キヤノングローバル戦略研究所外交・安全保障グループの研究員が、リレー形式で世界の動きを紹介します。
2019年9月10日(火)
[ 2019年外交・安保カレンダー ]
先週末は珍しく原稿書きが順調で比較的ゆっくりできた。いつもなら日曜日の夜は大抵半徹夜となる。特に、日本語と英語のコラムの締め切りが重なる週は地獄だ。幸い、今週は英語のみなので時間的余裕があった。今週はジョンソン英首相が安倍首相との初の首脳会談で捕鯨問題に「失望」を表明したとの英国の報道を取り上げた。

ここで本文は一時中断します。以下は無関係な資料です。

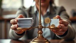 A subdued, realistic scene of a professional sitting at a desk with a laptop and printed job offer in hand, appearing thoughtful and slightly tense. The setting reflects a modern workspace, with muted lighting to convey uncertainty, symbolising the difficult trade-offs many workers face between financial security and career growth. Not long ago, switching jobs…
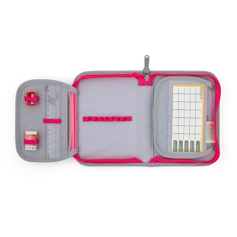 Jednopatrový školní penál s plyšovým efektem se 2 chlopněmi, prázdný obsahuje 25 gumových poutek pro uchycení psacích potřeb. Na vnitřních chlopních jsou průhledné fólie pro rozvrh hodin.

これで日曜夜は久し振りに爆睡できるかと思ったら、何と未明に台風15号が千葉県上陸、おかげで月曜朝の会議には出席できなかった。被災地域の方々には心からお見舞いを申し上げたい。それにしても、最近の気象庁の発表内容は決して官僚的でなく、好感を持った。言葉一つで、人をその気にさせる説明の典型例である。
今週は日本で内閣改造があり、内政的には一部関係者の関心が高まっている。だが、筆者の関心は内政は内政でも、やはり韓国内政の行方だ。先週のワイドショー系番組はテーマが日韓関係ばかりだったが、これには理由がある。とにかく数字が取れるらしいのだ。テレビ局もビジネスだから、当然といえば当然なのだが・・・。

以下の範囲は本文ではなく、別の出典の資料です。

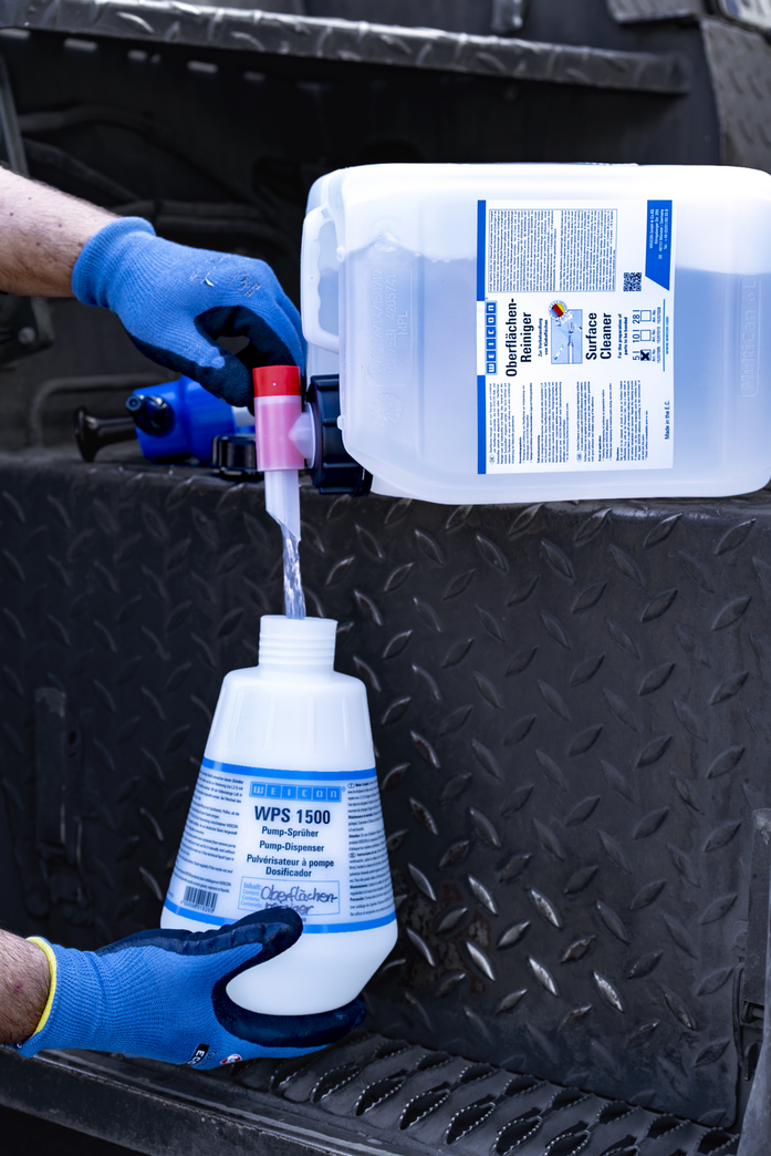 WEICON Nettoyant de Surfaces sert à nettoyer et à dégraisser les surfaces destinées à être assemblées ou étanchées à l'aide de scellants adhésifs WEICON. Le Nettoyant de Surface peut être appliqué sur des matières telles que le métal, le verre, la céramique et la plupart des matières plastiques. Il peut p. ex. servir à nettoyer et à dégraisser des éléments de machines au cours de travaux d'entretien.

そうこうしている内に、韓国大統領が例のタマネギ男を法務長官に任命したとの速報が入ってきた。一連の疑惑について韓国検察は妻を在宅起訴し、捜査を拡大しているようだ。多くのメディアは「任命強行は世論の反発を強め、文政権への逆風が強まる可能性がある」と報じているが、それは今後も続く韓国与野党の攻防に過ぎない。
筆者の関心は、韓国の司法が、真の意味で政治的圧力から独立し、法だけに基づいて司法権を行使できるか、である。文在寅政権から見れば、韓国の検察は保守の巣窟であり、最高裁判所(大審院)の改革(左傾化)に続き、検察にもメス(政治介入)を入れるつもりなのだろう。もし検察が保守の巣窟なら、それはそれで大問題だ。
しかし、考えてみれば、この世界に真の意味で「政治から完全に独立した司法」など存在しない。どの国にだって完璧な司法などあり得ない。日本でも昔は「指揮権発動」事件があったのだから。問題は独立の程度であり、一般人の常識的な法律感覚から、政治の介入しない公平で中立な司法過程ぐらいは最低限確保してもらいたい。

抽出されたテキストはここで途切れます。